With all this kit we were able to run both main DCs hot. With our Geo DNS you could hit either of our DCs and you'd get served pages, you could even write to both locations. One DC was always the "RO" DC, it always replicated the databases. If you tried to write to that DC we proxied your request to the RW DC over our 10G links and proxied any more requests you made for n seconds to the RW DC too, at which point we reverted you back to the RO DC.
Now, NY to Virginia isn't that far, so why bother with the hot/hot config? Because it played into the rest of our plan, which was DC failover. With some pretty epic voodoo (Juniper/F5/OpenResty etc.) we could fail over the datacentres, swapping the RO and RW locations. We could also do this if one of the locations was unavailable. We could do this in 4 seconds /without losing a single in-flight request/ (we tested it).
This ended up a bit longer than I was intending, but it illustrates a few things:
- I think people underestimate Basecamp. It's /huge/ (money and users, not employees). Not so much in the tech world (anymore), but even with this kit, even with the (at the time 6) sysadmins that maintained it, it still made a shit load of cash. I guestimated the net-worth of the two owners as in the hundreds of millions of dollars each, entirely because of basecamp. Cash that as a privately owned company all went to the owners (who gave some of it to us, they treated us fairly well). I think it was Patio11 who said that people under estimated the market for software, it's easy to do, these aren't human-scale numbers.
- The owners are right about keeping it private. You might not make "larger yacht than Larry Ellison" money, but you sure as hell have a lot higher chance of making "pretty damn big yacht and not having to work again" sort of money. If I was rolling the dice I know which I'd gamble on.
- I don't think I ever actually calculated it, but the amount of money our servers were worth while running was /immense/. When you went to the DC and looked at the row of racks, you could kinda see just how dense the $ value there was. The efficiencies that the cloud brings gives money to AWS, not to the clients.
- All of this was still /way/ cheaper than running cloud infra. I'm not against the cloud (I use it), but we made more because we had this infra than if we were on the cloud. We were dense when it came to # customers per $ spent on infra.

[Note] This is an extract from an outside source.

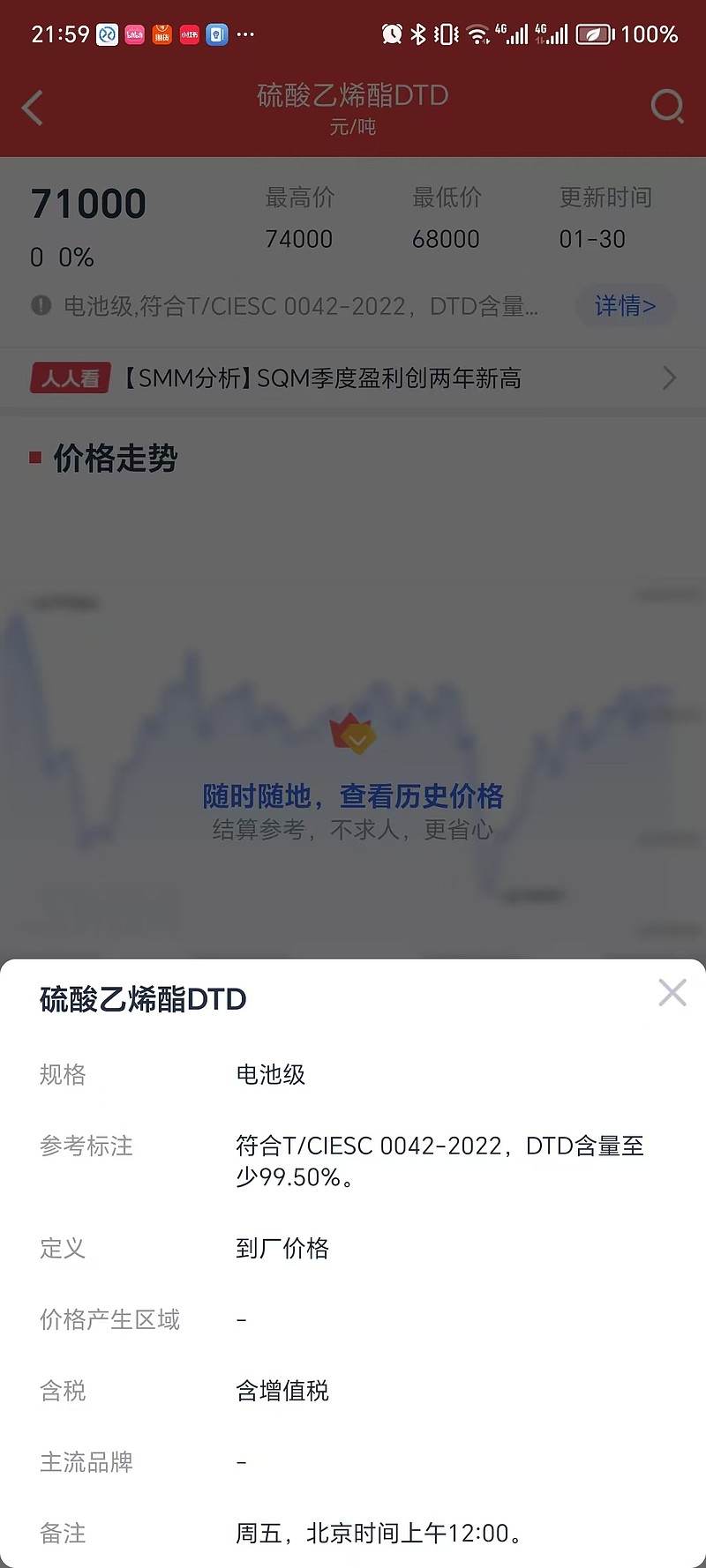 本周硫酸乙烯酯DTD的价格

- The flexibility we had because we controlled everything was also extraordinary. It came at a cost, we had to do it ourselves, but we had a /lot/ of power to make things work the way we wanted to.
- We had access to everything, from the network (hell, even the light :) ) to the JS. This gave us optimisation options not available to a lot of people. Network topologies, buying the right CPUs (we benchmarked them), configuring the CPUs, etc. etc.
[0] An Isilon storage engineer once dropped one of these on the floor, while it was powered on and the drives were running. It took out a metal floor tile. [1] They were a PITA, everyone hated them. There was a running joke among the sysadmins that when we decommissioned them we would take one on an Ops meet and use it as target practice.